• _Records contained in a dataset_
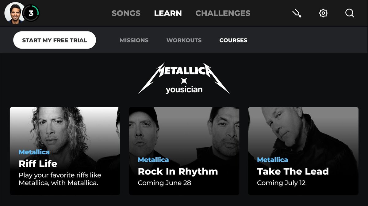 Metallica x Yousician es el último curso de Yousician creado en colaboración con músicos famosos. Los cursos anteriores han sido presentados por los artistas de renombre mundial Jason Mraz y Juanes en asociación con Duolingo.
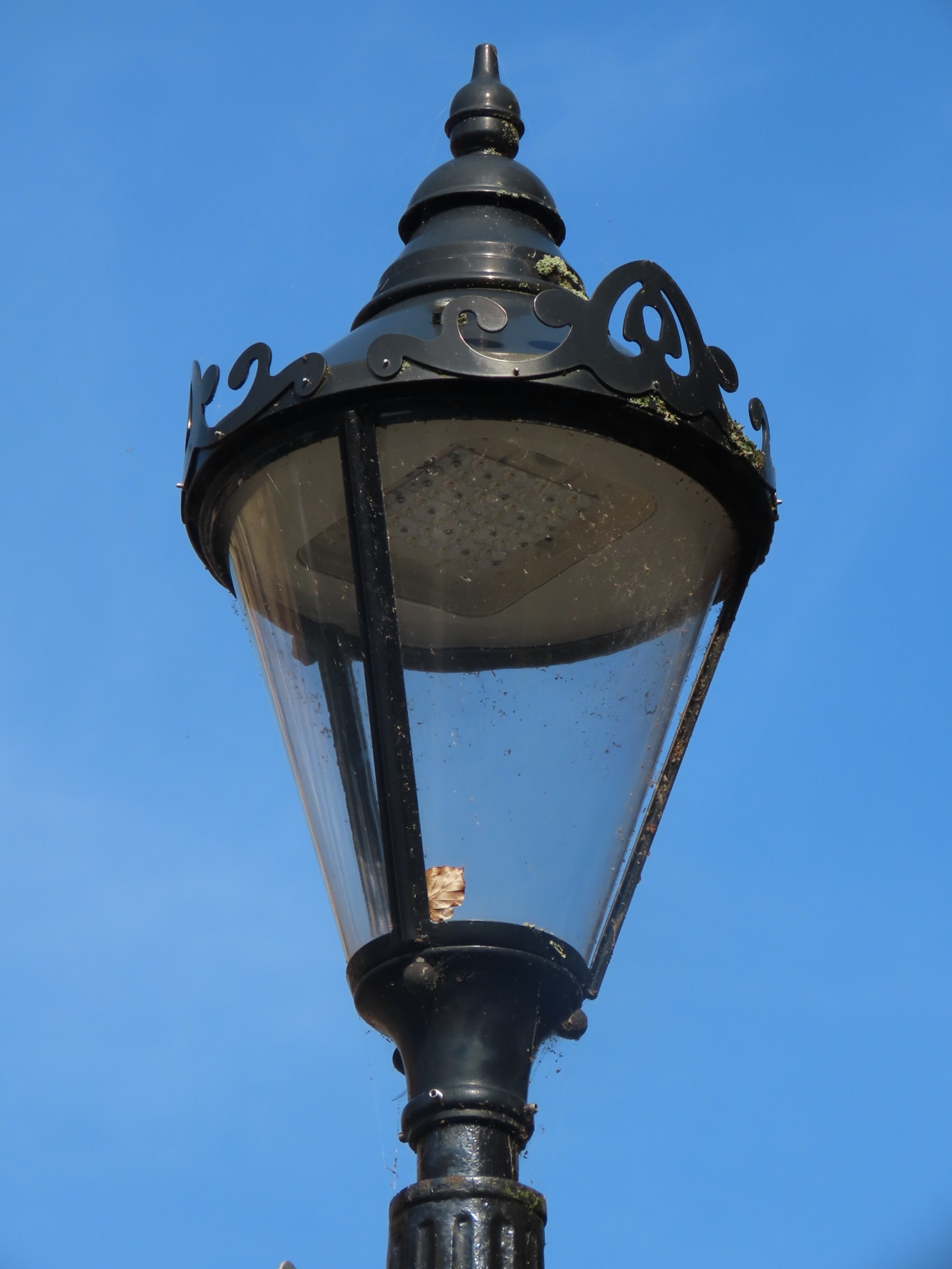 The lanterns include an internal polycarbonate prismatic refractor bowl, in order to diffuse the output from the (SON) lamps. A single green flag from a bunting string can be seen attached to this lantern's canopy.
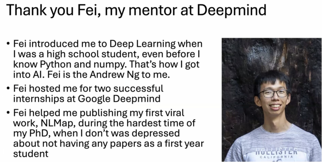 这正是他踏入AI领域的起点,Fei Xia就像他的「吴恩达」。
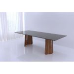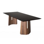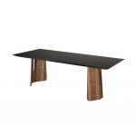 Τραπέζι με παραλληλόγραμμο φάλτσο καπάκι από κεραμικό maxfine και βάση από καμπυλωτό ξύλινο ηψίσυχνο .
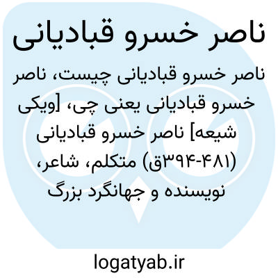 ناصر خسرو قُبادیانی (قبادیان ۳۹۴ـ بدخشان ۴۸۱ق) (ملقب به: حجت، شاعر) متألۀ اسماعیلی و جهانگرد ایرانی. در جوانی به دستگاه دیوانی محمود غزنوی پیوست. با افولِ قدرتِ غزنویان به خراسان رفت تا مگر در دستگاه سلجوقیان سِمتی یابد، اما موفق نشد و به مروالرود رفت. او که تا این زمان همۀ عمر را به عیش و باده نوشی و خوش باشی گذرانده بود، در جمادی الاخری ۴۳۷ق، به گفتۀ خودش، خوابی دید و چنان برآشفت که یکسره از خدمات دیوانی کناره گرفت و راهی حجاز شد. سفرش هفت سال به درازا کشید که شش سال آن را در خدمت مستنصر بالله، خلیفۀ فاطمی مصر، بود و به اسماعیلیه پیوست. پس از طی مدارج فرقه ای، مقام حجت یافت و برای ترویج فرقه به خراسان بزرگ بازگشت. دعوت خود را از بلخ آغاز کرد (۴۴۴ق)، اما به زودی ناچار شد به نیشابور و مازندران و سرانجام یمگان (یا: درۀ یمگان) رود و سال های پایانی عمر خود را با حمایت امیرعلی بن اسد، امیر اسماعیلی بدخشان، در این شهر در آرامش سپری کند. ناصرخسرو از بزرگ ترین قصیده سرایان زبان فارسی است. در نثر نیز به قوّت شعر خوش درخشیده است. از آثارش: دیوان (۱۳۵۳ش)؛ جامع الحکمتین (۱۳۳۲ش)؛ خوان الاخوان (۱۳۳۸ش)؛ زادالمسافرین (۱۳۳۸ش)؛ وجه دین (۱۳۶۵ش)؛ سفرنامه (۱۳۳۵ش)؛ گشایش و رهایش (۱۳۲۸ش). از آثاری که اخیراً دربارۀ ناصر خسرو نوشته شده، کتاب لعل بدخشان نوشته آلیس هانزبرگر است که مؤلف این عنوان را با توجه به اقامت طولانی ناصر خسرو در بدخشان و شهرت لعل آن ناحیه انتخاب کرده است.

• _YOUR TASK_
Return the data exactly as it stands, minus the pictures.

• _ANSWER SECTION_
 Metallica x Yousician es el último curso de Yousician creado en colaboración con músicos famosos. Los cursos anteriores han sido presentados por los artistas de renombre mundial Jason Mraz y Juanes en asociación con Duolingo.
 The lanterns include an internal polycarbonate prismatic refractor bowl, in order to diffuse the output from the (SON) lamps. A single green flag from a bunting string can be seen attached to this lantern's canopy.
 这正是他踏入AI领域的起点,Fei Xia就像他的「吴恩达」。
 Τραπέζι με παραλληλόγραμμο φάλτσο καπάκι από κεραμικό maxfine και βάση από καμπυλωτό ξύλινο ηψίσυχνο .
 ناصر خسرو قُبادیانی (قبادیان ۳۹۴ـ بدخشان ۴۸۱ق) (ملقب به: حجت، شاعر) متألۀ اسماعیلی و جهانگرد ایرانی. در جوانی به دستگاه دیوانی محمود غزنوی پیوست. با افولِ قدرتِ غزنویان به خراسان رفت تا مگر در دستگاه سلجوقیان سِمتی یابد، اما موفق نشد و به مروالرود رفت. او که تا این زمان همۀ عمر را به عیش و باده نوشی و خوش باشی گذرانده بود، در جمادی الاخری ۴۳۷ق، به گفتۀ خودش، خوابی دید و چنان برآشفت که یکسره از خدمات دیوانی کناره گرفت و راهی حجاز شد. سفرش هفت سال به درازا کشید که شش سال آن را در خدمت مستنصر بالله، خلیفۀ فاطمی مصر، بود و به اسماعیلیه پیوست. پس از طی مدارج فرقه ای، مقام حجت یافت و برای ترویج فرقه به خراسان بزرگ بازگشت. دعوت خود را از بلخ آغاز کرد (۴۴۴ق)، اما به زودی ناچار شد به نیشابور و مازندران و سرانجام یمگان (یا: درۀ یمگان) رود و سال های پایانی عمر خود را با حمایت امیرعلی بن اسد، امیر اسماعیلی بدخشان، در این شهر در آرامش سپری کند. ناصرخسرو از بزرگ ترین قصیده سرایان زبان فارسی است. در نثر نیز به قوّت شعر خوش درخشیده است. از آثارش: دیوان (۱۳۵۳ش)؛ جامع الحکمتین (۱۳۳۲ش)؛ خوان الاخوان (۱۳۳۸ش)؛ زادالمسافرین (۱۳۳۸ش)؛ وجه دین (۱۳۶۵ش)؛ سفرنامه (۱۳۳۵ش)؛ گشایش و رهایش (۱۳۲۸ش). از آثاری که اخیراً دربارۀ ناصر خسرو نوشته شده، کتاب لعل بدخشان نوشته آلیس هانزبرگر است که مؤلف این عنوان را با توجه به اقامت طولانی ناصر خسرو در بدخشان و شهرت لعل آن ناحیه انتخاب کرده است.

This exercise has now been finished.